[PATCH] D125301: [LoopVectorize] Add option to use active lane mask for loop control flow

Mon Jun 13 01:05:27 PDT 2022

fhahn added inline comments.

================
Comment at: llvm/lib/Transforms/Vectorize/LoopVectorize.cpp:8712
+
+    auto *ALM = new VPInstruction(VPInstruction::ActiveLaneMask,
+                                  {CanonicalIVIncrementParts, TC}, DL);
----------------
david-arm wrote:
> fhahn wrote:
> > It looks like the update for the phi doesn't depend on the phi, but only on trip count & main induction. 
> > 
> > I might be missing something, but is the phi actually needed or would it be possible to compute the active lane mask at the beginning of each iteration instead of at the end of the iteration?
> Hi @fhahn, perhaps I've misunderstood your question here, but actually the point of this patch is to do the exact opposite of that, i.e. we *don't* want to generate the active lane mask for the current iteration - we want to create the mask for the next iteration. This requires a PHI to carry the live value around the loop and is the only way to use the mask for control flow because at the point of branching we want to know if there are any active lanes in the mask for the *next* iteration.
> 
> With particular reference to SVE, the motivation for this work is to use the 'whilelo' instruction to both generate the lane mask and set the flags to branch on. Effectively, the whilelo instruction is doing the comparison already, which makes the traditional scalar IV comparison redundant.
> 
> I could be wrong, but I believe this form of vectorised loop would be beneficial for some other targets with a predicated instruction set too, such as RISC-V.
> With particular reference to SVE, the motivation for this work is to use the 'whilelo' instruction to both generate the lane mask and set the flags to branch on. 

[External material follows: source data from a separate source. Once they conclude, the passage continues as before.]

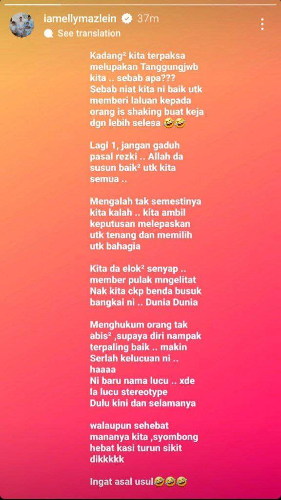 "Lagi satu, jangan gaduh pasal rezeki, Allah susun baik-baik untuk kita semua. Mengalah tak semestinya kita kalah, kita ambil keputusan melepaskan untuk tenang dan memilih untuk bahagia."- ujarnya.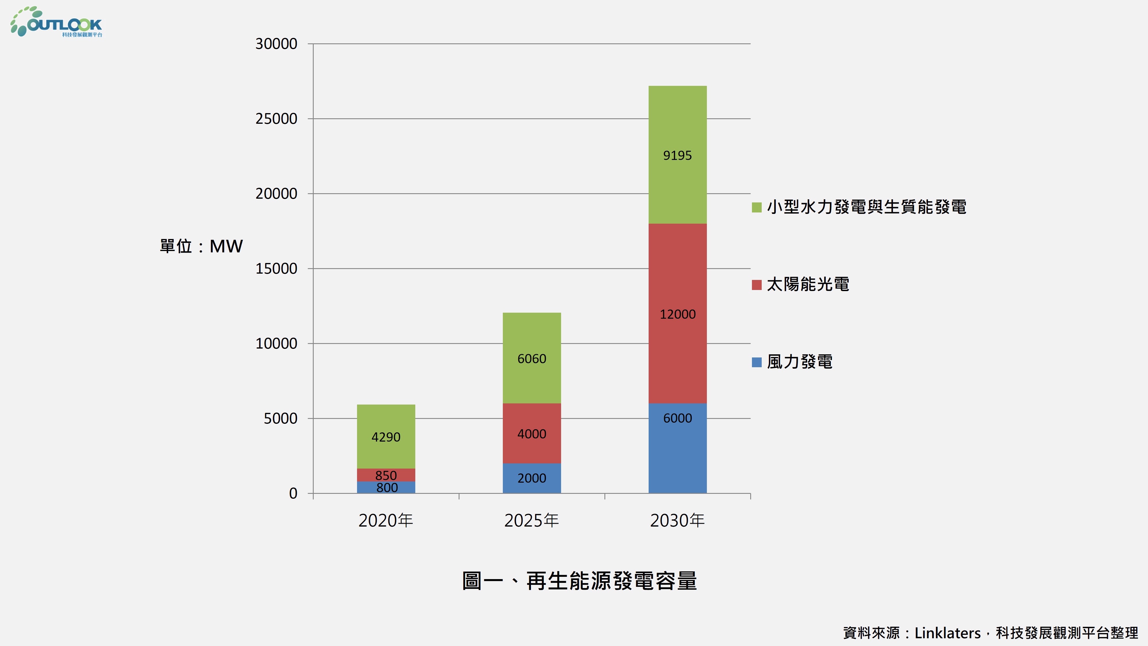 2. 在風力發電領域,規劃2020年達到800MW;2030年達到6 GW的目標 (如圖一)。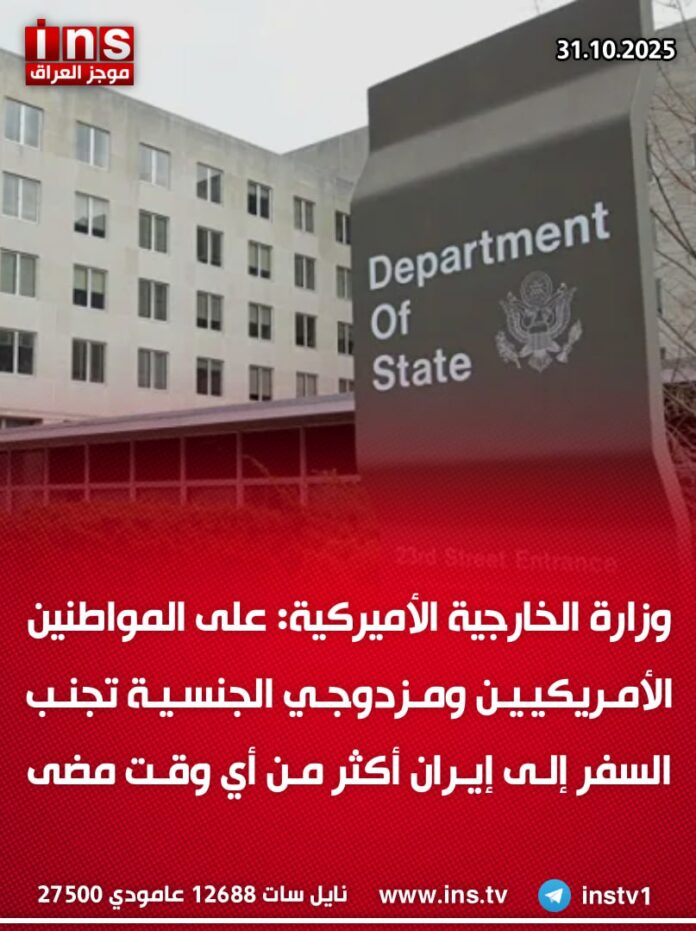 الرئيسيةالأخباروزارة الخارجية الأميركية: على المواطنين الأمريكيين ومزدوجي الجنسية تجنب السفر إلى إيران... الأخبار وزارة الخارجية الأميركية: على المواطنين الأمريكيين ومزدوجي الجنسية تجنب السفر إلى إيران أكثر من أي وقت مضى 0 63 أكتوبر 31, 2025 كتب بواسطة موجز العراق ins شارك FacebookTwitterPinterestWhatsAppTelegramViberCopy URL شارك FacebookTwitterPinterestWhatsAppTelegramViberCopy URL مقالات ذات صلة الأخبار رئيس أركان الجيش الإسرائيلي “إيال زامير” يلوح بهجوم جديد على إيران: إسرائيل ستضرب حيثما تقتضي الضرورة ديسمبر 21, 2025 الأخبار القائد السابق للقوة البحرية في الحرس الثوري الإيراني حسين علائي: البنية الاستخباراتية الإيرانية غير فاعلة في مواجهة إسرائيل ديسمبر 21, 2025 الأخبار الحكم بالحبس سنتين فقط بحق “سيف الوكيل” شريك المحامية قمر السامرائي بعد اختلاسه مبلغ وقدره 21 مليار دينار من صندوق تقاعد المحامين ديسمبر 21, 2025

Oh right, I missed this in the test case I was looking at! I originally thought the intention of the new phi recipe was to encode some extra guarantees/information like we do for inductions or reductions. 

>From the latest comment, it sounds like there would be no need to have a new recipe class for the phi, but perhaps VPWidenPHIRecipe could be used instead, if the setup can be moved to the pre-header.

================
Comment at: llvm/lib/Transforms/Vectorize/VPlan.cpp:1568
+        createStepForVF(State.Builder, TC->getType(), State.VF, Part);
+    Instruction *StartMask = State.Builder.CreateIntrinsic(
+        Intrinsic::get_active_lane_mask, {PredTy, TC->getType()}, {StartIV, TC},
----------------
david-arm wrote:
> fhahn wrote:
> > The start value should be created in the preheader block in VPlan instead of in the phi node here. There there should also be no need for a TC argument?
> Hi @fhahn, I'm not really sure what you mean here. Do you mean that LoopVectorize.cpp should create a VPInstruction with type ActiveLaneMask that lives in the VPlan's preheader block? If so, then VPInstruction::ActiveLaneMask needs a trip count operand.
> 
> Or do you mean I should deviate from the expected recipe creation somehow in a VPlan function such as prepareToExecute by manually adding the incoming value?
> Do you mean that LoopVectorize.cpp should create a VPInstruction with type ActiveLaneMask that lives in the VPlan's preheader block?

Yes exactly.

>  If so, then VPInstruction::ActiveLaneMask needs a trip count operand.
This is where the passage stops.